PointMLP [12][13] is an extension of the traditional MLP architecture that incorporates residual blocks for better performance on point cloud analysis tasks. The key idea behind PointMLP is that local geometric information may not be as important as previously thought and that simple yet effective methods such as the geometric affine sampling technique can achieve high accuracy without the need for complex geometric feature extraction. This approach not only improves robustness but also allows for faster computation and reduced model complexity. The use of residual blocks in PointMLP further enhances the network’s ability to learn complex representations by enabling it to capture both short-term and long-term dependencies.
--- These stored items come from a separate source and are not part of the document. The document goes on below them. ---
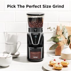 - STATE-OF-THE-ART DIGITAL DISPLAY: Get grinding faster than ever with a sleek and streamlined digital control display. Simply select your grind size via the dial, and click start for convenient one-touch grinding. The built-in countdown timer will let you know when you’re one step closer to your morning cup!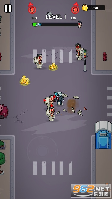 3、可怕的马桶人怪物正在追击冒名顶替者,帮助冒名顶替者逃离危险的怪异森林,使用手中的枪来点击射击附近所有的怪物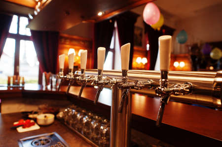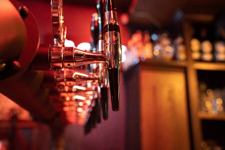 Close-up beer pumps taps in pub or bar in multicolored neon light.

Additionally, the FPS sampling with the geometric affine method allows for better handling of variations in scale, rotation, and translation, making PointMLP suitable for a wide range of point cloud analysis tasks. Overall, The main contribution of PointMLP is its use of residual blocks in an MLP framework for point cloud analysis, challenging the notion that local geometric information is necessary for accurate analysis. Additionally, the use of the geometric affine sampling method enhances the robustness and accuracy of the model. PointMLP represents a promising advancement in the field of deep learning for point cloud analysis.

4. GhostMLP

GhostMLP is a novel neural network architecture that introduces a new residual MLP module that significantly reduces the number of parameters without compromising the classification performances. The GhostMLP is evaluated and validated with the two popular point cloud classification datasets: ScanObjectNN and ModelNet40. The results show that GhostMLP and its variant GhostMLP-S achieve competitive performance and fast inference compared with other state-of-the-art methods and their baseline. GhostMLP also could be to other tasks such as part segmentation on ShapeNet-Part and classification on mobile lidar scan (MLS) data, demonstrating its versatility and efficiency for different point cloud recognition applications.